É importante colocar essa taxa no contexto mais amplo da tragédia do PIB brasileiro. Voltando à década passada, desde 2015 o PIB entrou num buraco do qual não saiu até hoje. No detalhe o relatório mostra isso, mas não há referência ao assunto na notícia do documento. Um dos gráficos do relatório apresenta um índice do PIB trimestral entre o primeiro trimestre de 1996 e o quarto de 2020, e percebe-se que o valor mais alto ficou lá atrás, no primeiro trimestre de… 2014! Ou seja, sete anos depois ainda não voltamos a ele. Em 2015 começa um movimento lembrando um U bem rebaixado e estendido, mas cuja haste direita não retornou ao mesmo nível marcado pela esquerda em sua ponta. Isso define uma depressão, algo mais longo do que as duas recessões ocorridas durante o mesmo movimento, a de 2015-2016 e a da Covid-19.

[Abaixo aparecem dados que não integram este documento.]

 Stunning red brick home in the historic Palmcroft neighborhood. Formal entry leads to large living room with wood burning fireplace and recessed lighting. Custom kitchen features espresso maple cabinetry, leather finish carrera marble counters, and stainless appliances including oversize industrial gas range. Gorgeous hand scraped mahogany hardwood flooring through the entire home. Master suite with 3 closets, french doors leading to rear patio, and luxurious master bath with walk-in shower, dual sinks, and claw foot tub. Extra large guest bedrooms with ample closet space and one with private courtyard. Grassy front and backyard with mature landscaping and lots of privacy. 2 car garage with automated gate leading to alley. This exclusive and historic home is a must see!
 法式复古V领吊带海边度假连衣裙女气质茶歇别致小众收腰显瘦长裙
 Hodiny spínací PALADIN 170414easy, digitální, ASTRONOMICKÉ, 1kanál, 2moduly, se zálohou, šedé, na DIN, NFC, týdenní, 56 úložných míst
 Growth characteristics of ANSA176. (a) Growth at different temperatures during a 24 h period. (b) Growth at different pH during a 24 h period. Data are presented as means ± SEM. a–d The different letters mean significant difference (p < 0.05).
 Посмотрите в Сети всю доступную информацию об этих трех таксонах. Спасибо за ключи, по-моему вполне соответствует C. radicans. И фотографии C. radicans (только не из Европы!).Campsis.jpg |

Venho insistindo em apontar essa depressão ainda em curso, mas o noticiário, a classe política e mesmo vários economistas parecem ignorá-la, ou negligenciar a busca do seu enfrentamento. Aliás, influenciados pelo que se passa nos países desenvolvidos, muitos economistas brasileiros focados na economia como um todo concentram sua atenção na chamada macroeconomia, que foca principalmente em movimentos cíclicos ou de curto prazo. Questões de longo prazo são negligenciadas. Além da referida depressão, merece destaque o fato de que desde a década de 1980 a economia brasileira está em estagnação ou cresce abaixo do seu potencial, e muito pouco se fala disso.

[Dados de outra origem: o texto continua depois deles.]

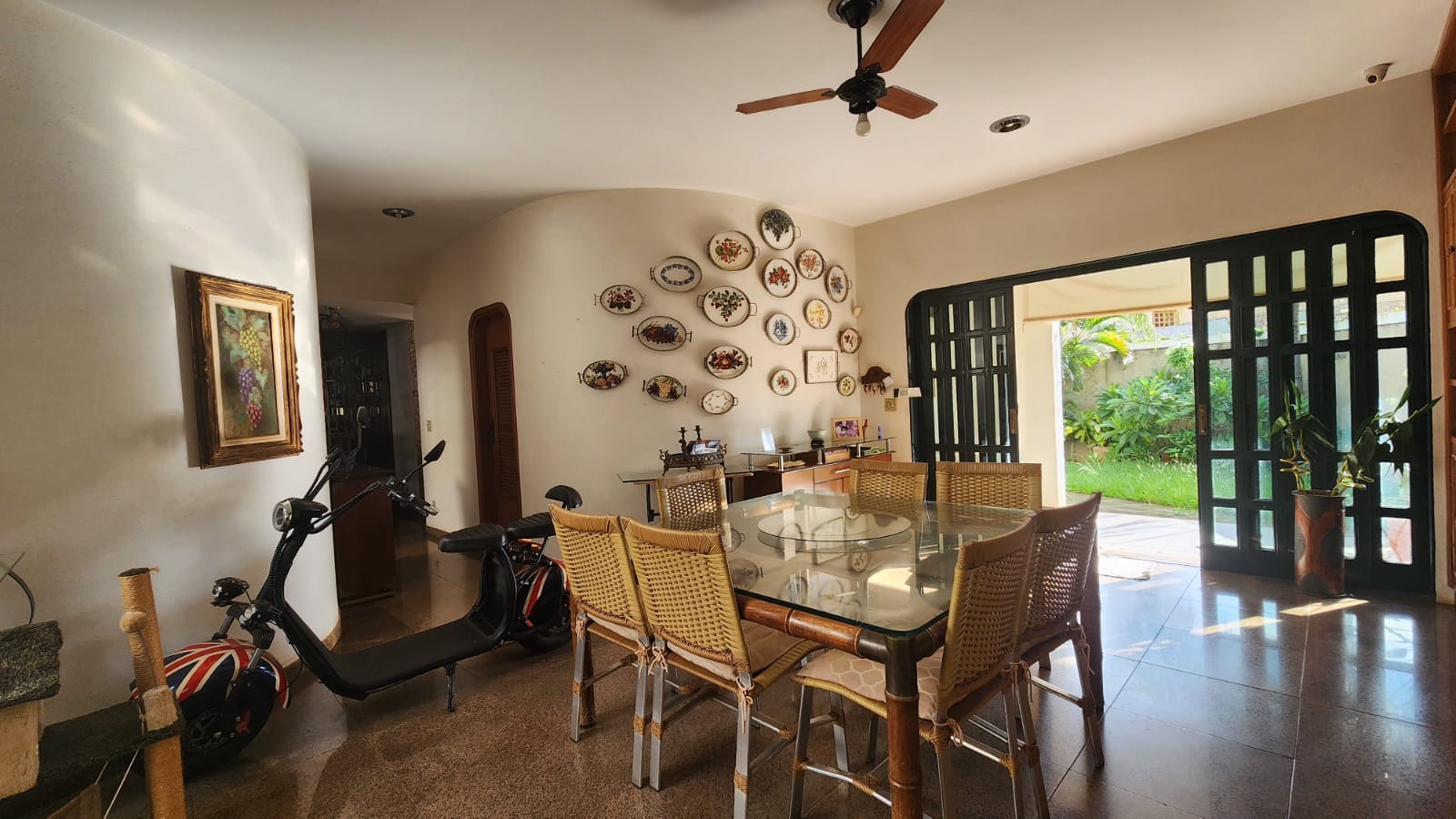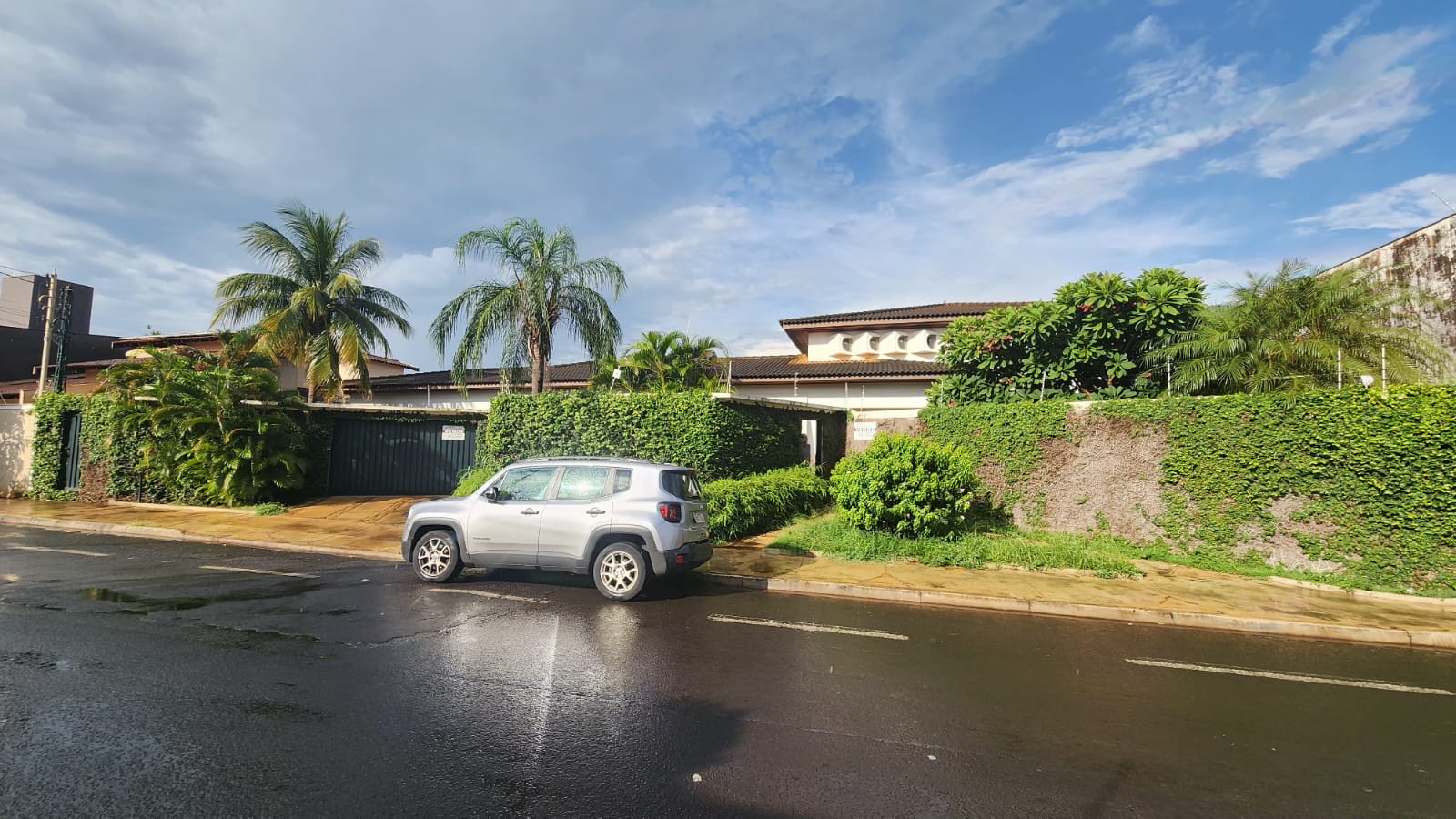 Parte Externa: Churrasqueira c/ varanda ampla, lavanderia, despejo, piscina, sauna, chuveirão, bar na área de lazer, garagem 05 carros, portão eletrônico, piso granito na entrada.

Com dados do PIB desde 2014, incluídos os de 2020, estimei que ele precisaria crescer um total perto de 7% a partir de 2021 para voltar ao seu valor de 2014, o que tomaria cerca de três anos aumentando perto de 2,4% ao ano, e com muitas incertezas pelo caminho. Assim, para ao final voltar ao PIB de 2014, tomaria nove anos! Ou seja, quase uma década para voltar a um PIB que o Brasil já havia alcançado antes!

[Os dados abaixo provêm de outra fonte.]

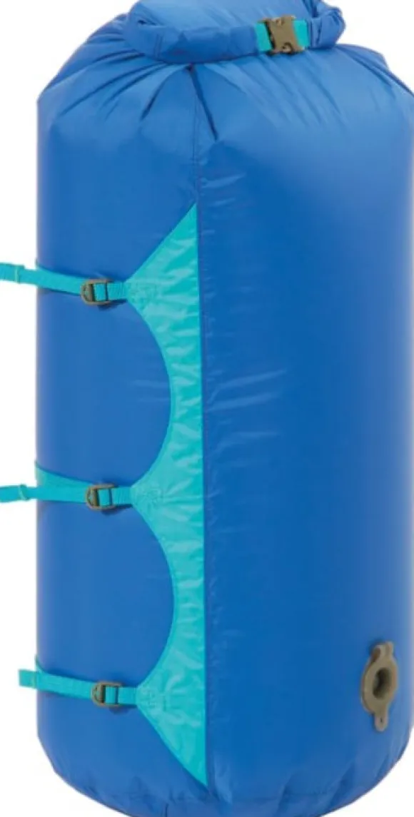 Exped Waterproof Compression Bag on vedenpitävä pakkauspussi, jossa on ilmaventtiili sekä vertikaaliset kompressioremmit. Pakkauspussin avulla tavarat on helppo pakata tiiviisti reppuun, ja ilmaventtiilin sekä säädettävien remmien avulla tiivistys käy kätevästi. Pussin yläosassa on kätevä rullasulku, jota voi käyttää kädensijana tai kiinnityslenkkinä. Kompressiopussitoimii myös Exped-makuualustan pumppuna yhdessä Schnozzelin kanssa.
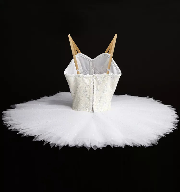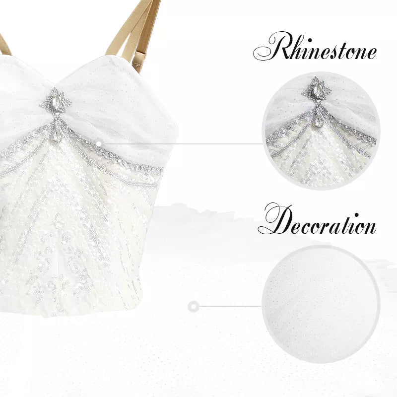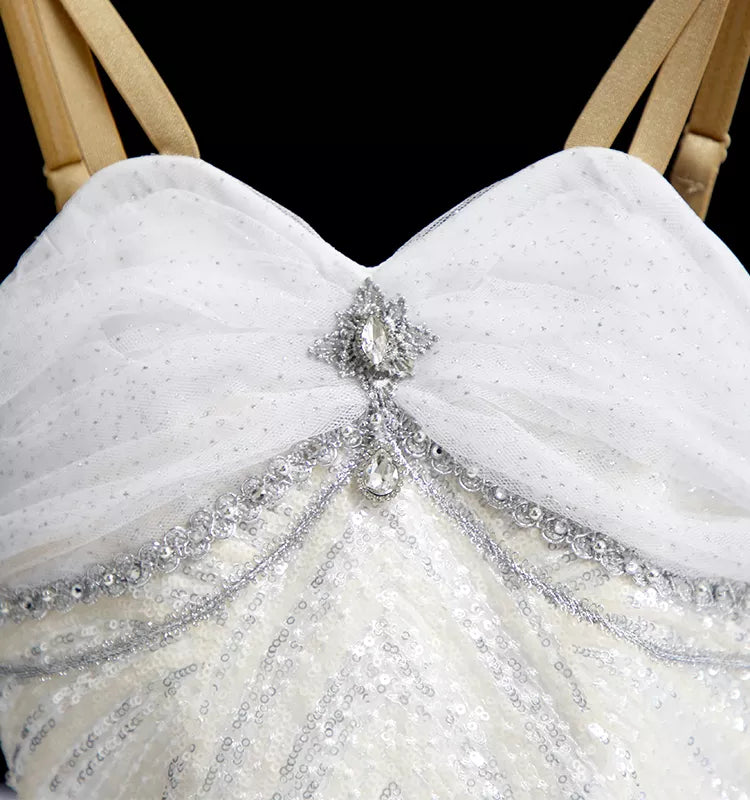 Der obere Teil des Kostüms besteht aus weißem und silbernem Brokat. Der Brustbereich des Tutus ist nach dem traditionellen Design für dieses Kostüm gefertigt: drapierter weißer Tüll mit Glitzer, ein zentraler Diamant mit einem Kristallanhänger und silberne Verzierungen.
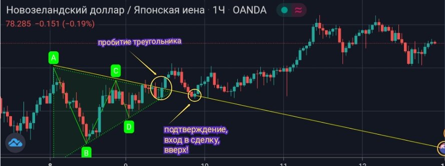 На фото видно по тех. анализу, был сформирован треугольник. После чего был пробит. Жёлтым лучом выявили наклонную линию поддержки от которой ждали отскок. Подойдя цена к желтому лучу, я зашел в сделку на рост, на 1 день или 24 часа.

Passo agora a uma visão setorial do último ano. Um gráfico do relatório abrange 12 subsetores da economia, oito mostraram desempenho negativo em 2020, com destaque para o subsetor de outras atividades de serviços e o de transporte, comunicação e correio. O primeiro teve a maior queda, de 12,1%, e o segundo caiu 9,2%, resultados condizentes com o maior impacto da crise da Covid-19 nesses subsetores. Entre os que cresceram, destacaram-se o de atividades financeiras, de seguros e serviços relacionados (4%) e o de atividades imobiliárias exceto construção (2,5%). Este último teve queda de 7,8%, a terceira entre as maiores.

Enfim, esse é um quadro trágico do péssimo estado da economia brasileira. Quanto a políticas públicas em sentido contrário, confesso meu pessimismo com o cenário à frente. 2021 pode até mostrar um crescimento do PIB próximo de 3%, mas principalmente pelo fato de que 2020 teve média muito baixa, bastando a economia não cair mais este ano para mostrar algo até acima dos 2,4% citados. Bolsonaro não se interessa pelo assunto e até mesmo atrapalha com suas propostas, como ao interferir em estatais, gerar incertezas e desencorajar investidores. E a Covid-19 voltou até com mais força, e sem um forte retrocesso também agravará a situação da economia. Mas, nesse mau contexto, pessoalmente hoje me sinto melhor, pois vou sair para tomar a vacina com que sonhava.

 

Roberto Macedo é economista (UFMG, USP e Harvard), professor sênior da USP e membro do Instituto Fernand Braudel.

 

Artigo publicado no jornal O Estado de S. Paulo em 4 de março de 2021.